**DESCRIPTION OF THE TASK**
Below are records to reproduce in full; copy them exactly but keep the pictures out.

**SUPPLIED ENTRIES**

/---

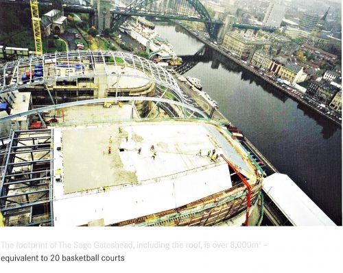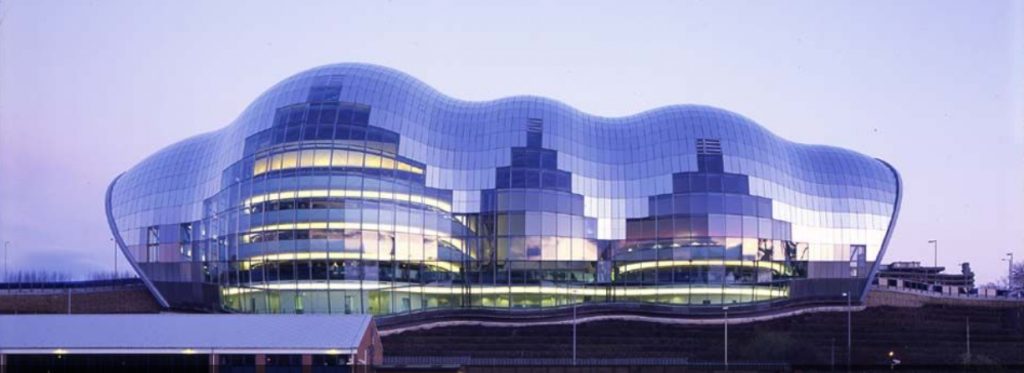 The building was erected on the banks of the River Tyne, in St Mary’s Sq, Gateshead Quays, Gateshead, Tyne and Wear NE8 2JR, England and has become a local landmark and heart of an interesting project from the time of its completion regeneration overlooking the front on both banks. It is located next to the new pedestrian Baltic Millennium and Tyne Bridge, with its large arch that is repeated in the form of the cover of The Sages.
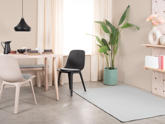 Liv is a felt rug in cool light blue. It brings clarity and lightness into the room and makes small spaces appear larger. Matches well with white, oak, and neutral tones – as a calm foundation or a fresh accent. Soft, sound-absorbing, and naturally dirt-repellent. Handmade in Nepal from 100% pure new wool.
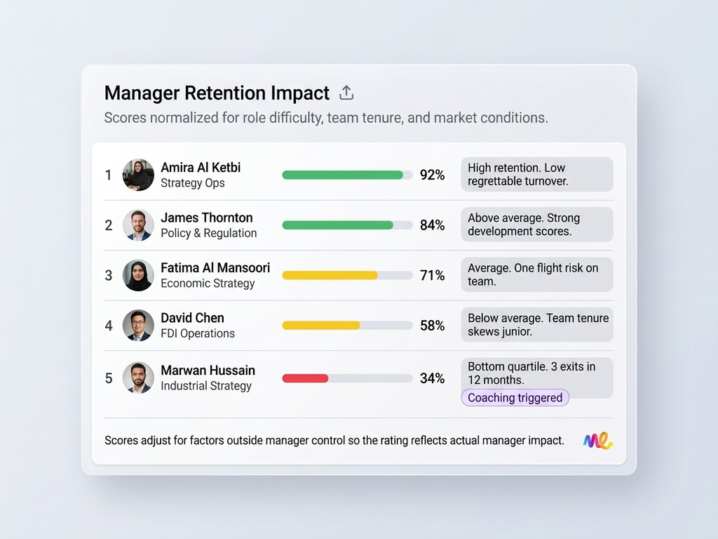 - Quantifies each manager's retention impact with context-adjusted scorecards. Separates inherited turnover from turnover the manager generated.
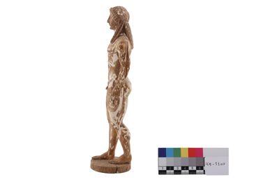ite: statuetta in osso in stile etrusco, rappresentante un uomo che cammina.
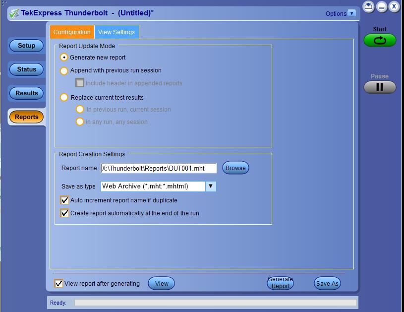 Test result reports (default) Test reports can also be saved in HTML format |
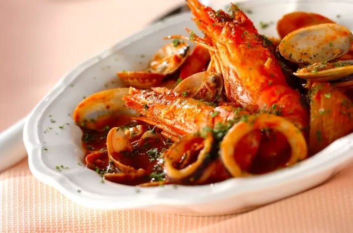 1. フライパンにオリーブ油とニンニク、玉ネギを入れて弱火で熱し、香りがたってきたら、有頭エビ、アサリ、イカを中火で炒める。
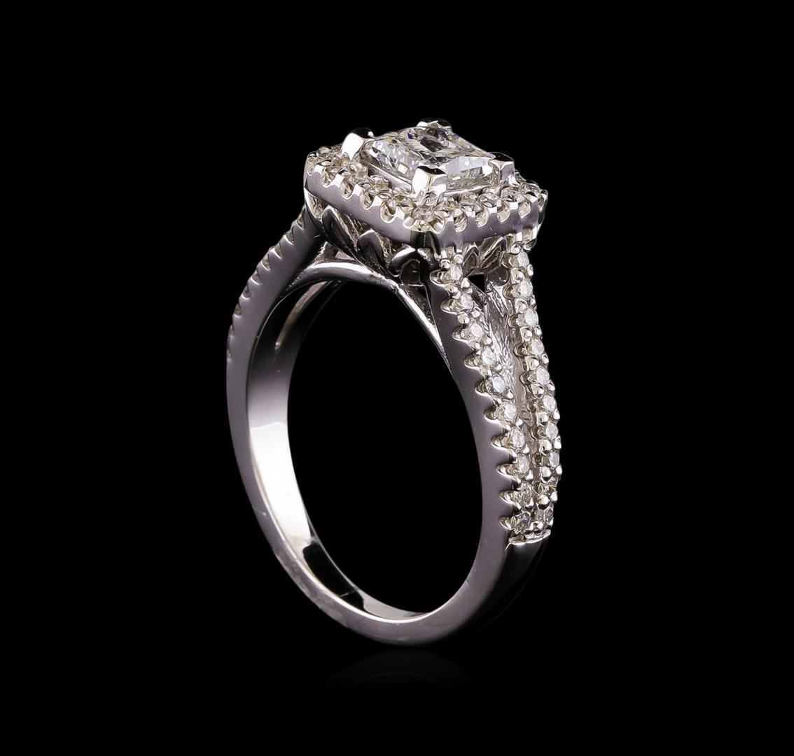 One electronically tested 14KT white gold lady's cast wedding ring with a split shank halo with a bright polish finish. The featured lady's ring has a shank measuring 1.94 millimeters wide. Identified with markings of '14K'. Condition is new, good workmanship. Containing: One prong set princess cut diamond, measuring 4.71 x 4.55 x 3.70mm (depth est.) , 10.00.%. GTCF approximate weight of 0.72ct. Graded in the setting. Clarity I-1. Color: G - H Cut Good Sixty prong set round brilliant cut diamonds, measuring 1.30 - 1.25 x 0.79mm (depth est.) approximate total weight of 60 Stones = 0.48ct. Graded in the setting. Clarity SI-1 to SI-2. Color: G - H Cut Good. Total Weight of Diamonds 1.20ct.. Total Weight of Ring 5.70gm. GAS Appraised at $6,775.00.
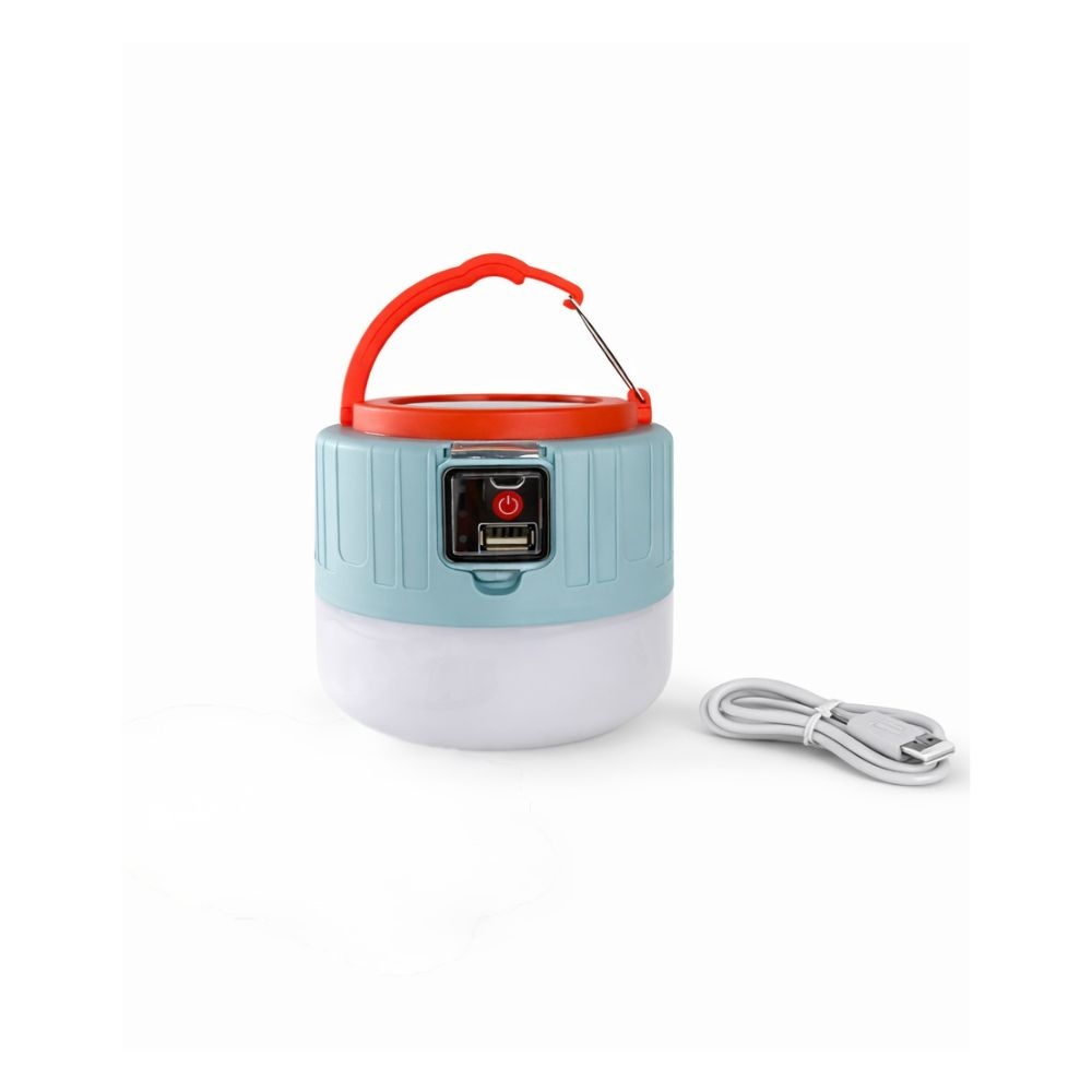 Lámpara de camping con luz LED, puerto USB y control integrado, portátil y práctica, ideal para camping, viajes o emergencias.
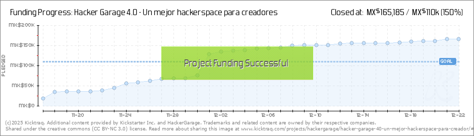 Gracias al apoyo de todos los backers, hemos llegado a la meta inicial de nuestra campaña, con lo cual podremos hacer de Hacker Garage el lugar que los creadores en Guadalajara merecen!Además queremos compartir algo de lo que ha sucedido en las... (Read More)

\---

**TASK OUTPUT**
 The building was erected on the banks of the River Tyne, in St Mary’s Sq, Gateshead Quays, Gateshead, Tyne and Wear NE8 2JR, England and has become a local landmark and heart of an interesting project from the time of its completion regeneration overlooking the front on both banks. It is located next to the new pedestrian Baltic Millennium and Tyne Bridge, with its large arch that is repeated in the form of the cover of The Sages.
 Liv is a felt rug in cool light blue. It brings clarity and lightness into the room and makes small spaces appear larger. Matches well with white, oak, and neutral tones – as a calm foundation or a fresh accent. Soft, sound-absorbing, and naturally dirt-repellent. Handmade in Nepal from 100% pure new wool.
 - Quantifies each manager's retention impact with context-adjusted scorecards. Separates inherited turnover from turnover the manager generated.
ite: statuetta in osso in stile etrusco, rappresentante un uomo che cammina.
 Test result reports (default) Test reports can also be saved in HTML format |
 1. フライパンにオリーブ油とニンニク、玉ネギを入れて弱火で熱し、香りがたってきたら、有頭エビ、アサリ、イカを中火で炒める。
 One electronically tested 14KT white gold lady's cast wedding ring with a split shank halo with a bright polish finish. The featured lady's ring has a shank measuring 1.94 millimeters wide. Identified with markings of '14K'. Condition is new, good workmanship. Containing: One prong set princess cut diamond, measuring 4.71 x 4.55 x 3.70mm (depth est.) , 10.00.%. GTCF approximate weight of 0.72ct. Graded in the setting. Clarity I-1. Color: G - H Cut Good Sixty prong set round brilliant cut diamonds, measuring 1.30 - 1.25 x 0.79mm (depth est.) approximate total weight of 60 Stones = 0.48ct. Graded in the setting. Clarity SI-1 to SI-2. Color: G - H Cut Good. Total Weight of Diamonds 1.20ct.. Total Weight of Ring 5.70gm. GAS Appraised at $6,775.00.
 Lámpara de camping con luz LED, puerto USB y control integrado, portátil y práctica, ideal para camping, viajes o emergencias.
 Gracias al apoyo de todos los backers, hemos llegado a la meta inicial de nuestra campaña, con lo cual podremos hacer de Hacker Garage el lugar que los creadores en Guadalajara merecen!Además queremos compartir algo de lo que ha sucedido en las... (Read More)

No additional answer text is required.